Durness for me and take the taxi and boat to Cape Wrath, wilderness. The camp site at sango sands is excellent and Durness is interesting.

Have a good trip.

Dave


----------



## Charisma (Apr 17, 2008)

Nethernut said:


> I would drive up East Coast to top, if time take a day trip over to Orkney. Go across top stopping at Bettyhill and Durness at the least. Then drive down West Coast taking in Skye if you have time.


Hi Bill

We did this route back in 2004 in our first motorhome - absolutely stunning views and countryside and wildlife. We took 3 weeks and it wasn't anywhere near long enough. Dunnet Head is worth a visit and Castle of Mey if its open. Skye definately - with views of the Outer Hebridees from the top. You may find a lot of campsites will close over the winter months so wild camping might be your only choice.

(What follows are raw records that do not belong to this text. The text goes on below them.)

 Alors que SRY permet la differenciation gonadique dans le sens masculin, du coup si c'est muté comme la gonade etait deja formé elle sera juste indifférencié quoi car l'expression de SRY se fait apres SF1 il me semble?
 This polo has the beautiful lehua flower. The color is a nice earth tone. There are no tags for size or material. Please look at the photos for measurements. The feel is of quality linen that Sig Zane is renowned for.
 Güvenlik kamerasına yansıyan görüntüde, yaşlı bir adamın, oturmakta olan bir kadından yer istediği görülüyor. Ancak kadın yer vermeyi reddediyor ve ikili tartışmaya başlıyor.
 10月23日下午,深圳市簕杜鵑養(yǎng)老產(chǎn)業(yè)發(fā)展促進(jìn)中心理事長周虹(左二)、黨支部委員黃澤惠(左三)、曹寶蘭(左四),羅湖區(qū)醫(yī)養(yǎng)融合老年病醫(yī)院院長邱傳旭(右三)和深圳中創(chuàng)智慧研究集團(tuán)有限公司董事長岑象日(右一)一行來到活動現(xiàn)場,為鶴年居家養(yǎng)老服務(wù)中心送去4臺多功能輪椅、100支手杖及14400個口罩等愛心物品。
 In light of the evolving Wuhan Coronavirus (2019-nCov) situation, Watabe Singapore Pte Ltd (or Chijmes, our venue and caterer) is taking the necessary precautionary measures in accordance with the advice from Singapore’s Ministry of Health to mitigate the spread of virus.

Have a great trip - I am jealous!!!!

Dave


----------



## Roverdave (Jul 19, 2013)

We did three weeks up there in July/August. Black Isle there is a wild camping layby over loch Munlochy, try to visit Dornoch, lovely town with a super beach,(campsite by beach). We only used a site one night, that was the CC site at Durness before catching the Orkney ferry. again on a fantastic beach. Loads of wild camping up the Dunnet Head, and birds! John o groats is the pits, don't,t bother. We went to Orkney for five days, absolutely brilliant, archaeology, birds, and fantastic arts and crafts (none of the tartan tat). Plenty of places there. We then went all the way along the top to Cape Wrath, then down through Assynt, but the midges were dire and got in the van, so came east again, no trouble wild camping, apart from between Dornoch and the north. Long road without layby, and it chucked it down during that day so we just kep going north. Look out for the Forestry Commission car parks, you'll have no trouble finding wild spots. Top up your water at public loos whenever you see one, and you'll have a lovely time. 

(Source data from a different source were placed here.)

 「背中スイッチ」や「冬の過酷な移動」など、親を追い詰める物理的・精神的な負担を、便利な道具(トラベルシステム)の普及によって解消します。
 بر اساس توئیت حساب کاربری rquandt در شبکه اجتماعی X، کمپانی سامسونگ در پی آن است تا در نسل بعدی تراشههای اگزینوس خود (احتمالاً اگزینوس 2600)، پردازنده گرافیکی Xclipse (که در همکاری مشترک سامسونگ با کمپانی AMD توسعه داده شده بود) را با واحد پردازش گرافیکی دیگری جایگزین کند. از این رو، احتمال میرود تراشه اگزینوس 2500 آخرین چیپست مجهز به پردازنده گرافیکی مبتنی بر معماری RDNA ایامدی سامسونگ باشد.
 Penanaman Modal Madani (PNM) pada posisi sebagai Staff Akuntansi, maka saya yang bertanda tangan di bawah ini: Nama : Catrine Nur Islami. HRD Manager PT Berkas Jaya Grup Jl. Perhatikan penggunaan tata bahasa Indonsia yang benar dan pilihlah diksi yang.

We,re off to the west coast in a couple of weeks, the midges will be over. Have a great time!

Lesley


----------



## Bill_OR (Feb 6, 2010)

Thanks for all the great suggestions - I'll print this off this thread and take it with me.
We'd heard about being able to see the dolphins from a spit but didn't know where it was! Now we know!


----------



## Zebedee (Oct 3, 2007)

> Bill_OR said:- We'd heard about being able to see the dolphins from a spit but didn't know where it was! Now we know!

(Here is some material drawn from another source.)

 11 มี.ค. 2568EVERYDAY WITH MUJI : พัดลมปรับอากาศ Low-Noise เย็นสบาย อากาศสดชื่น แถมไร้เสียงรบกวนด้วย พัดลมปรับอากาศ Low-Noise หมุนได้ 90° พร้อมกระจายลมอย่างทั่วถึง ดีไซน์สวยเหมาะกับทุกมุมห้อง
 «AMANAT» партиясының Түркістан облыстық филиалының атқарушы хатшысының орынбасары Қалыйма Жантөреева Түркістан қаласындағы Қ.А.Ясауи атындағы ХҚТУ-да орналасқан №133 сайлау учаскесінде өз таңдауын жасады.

The Camping and Caravanning Club site at Rosemarkie is nearby, and it's an easy walk to the Point. The dolphins often swim past the campsite no more that 50 yards away, though they didn't when we were there. Food at the golf club next door is excellent, and not too expensive.

Try to get pitch No. 17 at Durness if you can. It's one of the best we have ever enjoyed. The pub next door has a range of excellent beers, and although we didn't eat there the food looked delicious.

Don't miss the drive from Durness to Ullapool, stopping for a night at Scourie perhaps, although there's not much to do there except gaze at the fabulous view now the pub has closed down.

Allow at least three hours per 20 miles of journey. You will stop at least a dozen times to be amazed at the views.

Dave


----------



## boringfrog (Sep 22, 2006)

Just spotted this on the Sango Sands camp site in Durness web site.

"Free camping! Come and use the site for free off season - November to March - toilets open but cold water only - no showers - £7 if you need electricity."


I'm going


----------



## CandA (May 1, 2005)

Bill_OR said:


> Thanks for all the great suggestions - I'll print this off this thread and take it with me.
> We'd heard about being able to see the dolphins from a spit but didn't know where it was! Now we know!


You might enjoy this article about the Dolphins and then Ullapool, which no-one has yet mentioned!
http://www.outandaboutlive.co.uk/Mo...st-motorhome-tour-of-Scotland/_ch1_ft1245_pg1


----------



## papaken (Nov 21, 2010)

definitely up to Durness Sango sands then down to Ullapool Sheildag and take road to APPLECROSS  the road out south of Applecross through the Pass of Cattle is an experience in itself and the views are great as long as there is no low cloud.  
On to SKYE then off by ferry across to Mallaig then down through past the the sands of Morar taking the back road to Arasaig and ending up at Fort William.


----------



## Bill_OR (Feb 6, 2010)

Thanks for all these suggestions - I want to go NOW but have to wait a few more days ...

At least the MH is nice and clean having spent the morning removing the mortal remains of countless German, Belgian, Luxembourger & French insects. Let's hope the Scottish midges have now disappeared.

Bill


----------